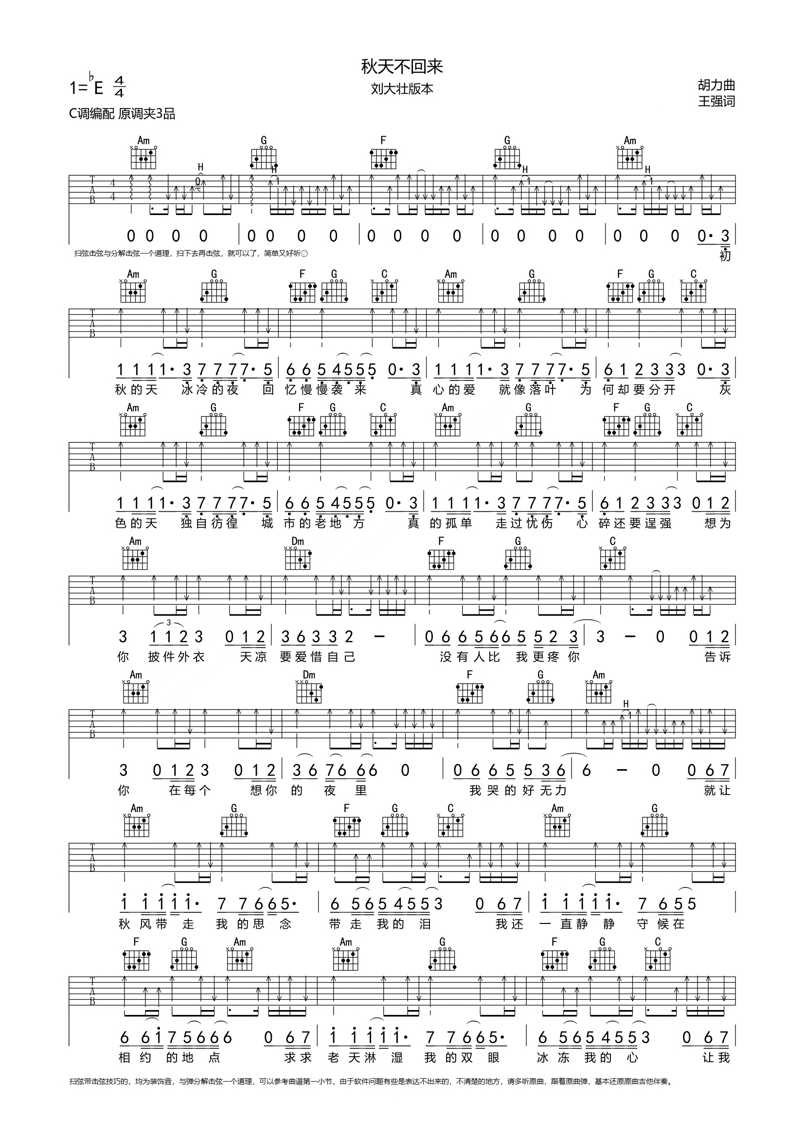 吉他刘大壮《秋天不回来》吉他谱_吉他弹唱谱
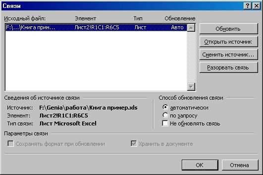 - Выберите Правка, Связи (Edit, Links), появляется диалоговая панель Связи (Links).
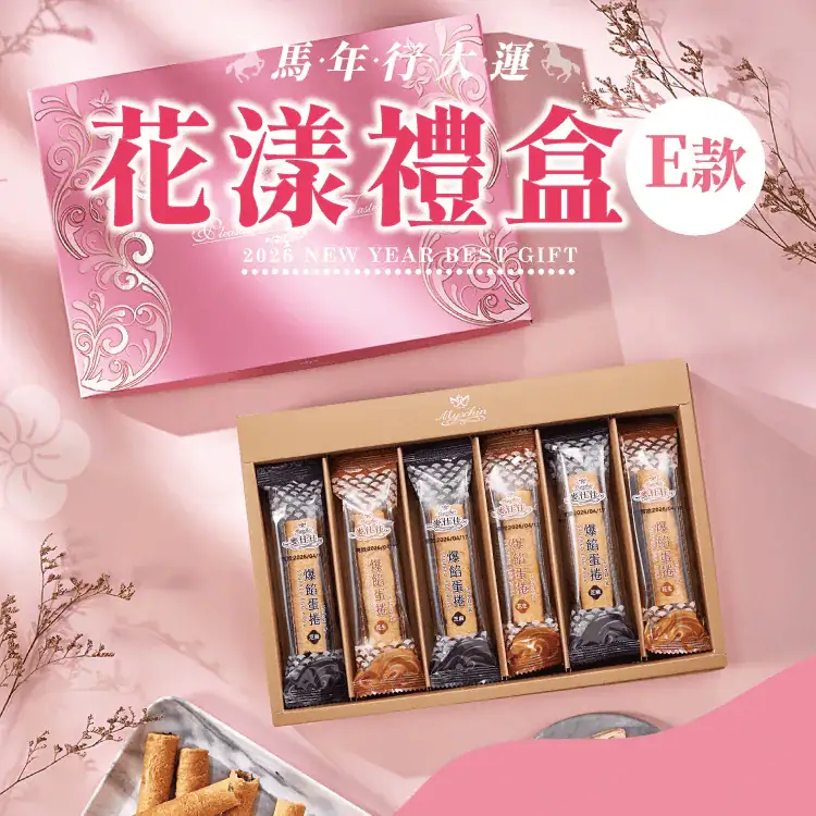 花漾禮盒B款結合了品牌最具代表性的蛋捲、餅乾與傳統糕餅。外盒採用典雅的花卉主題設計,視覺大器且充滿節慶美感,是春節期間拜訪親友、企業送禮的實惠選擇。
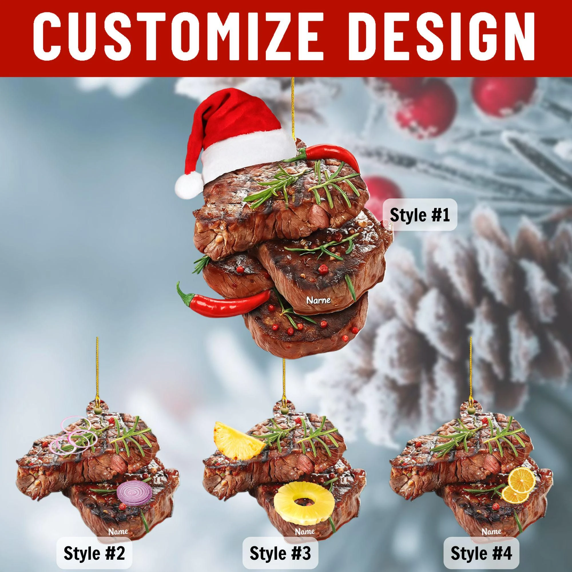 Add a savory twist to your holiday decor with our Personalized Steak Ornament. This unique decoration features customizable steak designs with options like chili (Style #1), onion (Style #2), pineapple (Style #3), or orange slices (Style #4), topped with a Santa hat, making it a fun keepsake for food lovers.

### WORK INSTRUCTIONS:
As you output the material, omit the pictures but alter nothing else.

### ANSWER BELOW:
 吉他刘大壮《秋天不回来》吉他谱_吉他弹唱谱
 - Выберите Правка, Связи (Edit, Links), появляется диалоговая панель Связи (Links).
 花漾禮盒B款結合了品牌最具代表性的蛋捲、餅乾與傳統糕餅。外盒採用典雅的花卉主題設計,視覺大器且充滿節慶美感,是春節期間拜訪親友、企業送禮的實惠選擇。
 Add a savory twist to your holiday decor with our Personalized Steak Ornament. This unique decoration features customizable steak designs with options like chili (Style #1), onion (Style #2), pineapple (Style #3), or orange slices (Style #4), topped with a Santa hat, making it a fun keepsake for food lovers.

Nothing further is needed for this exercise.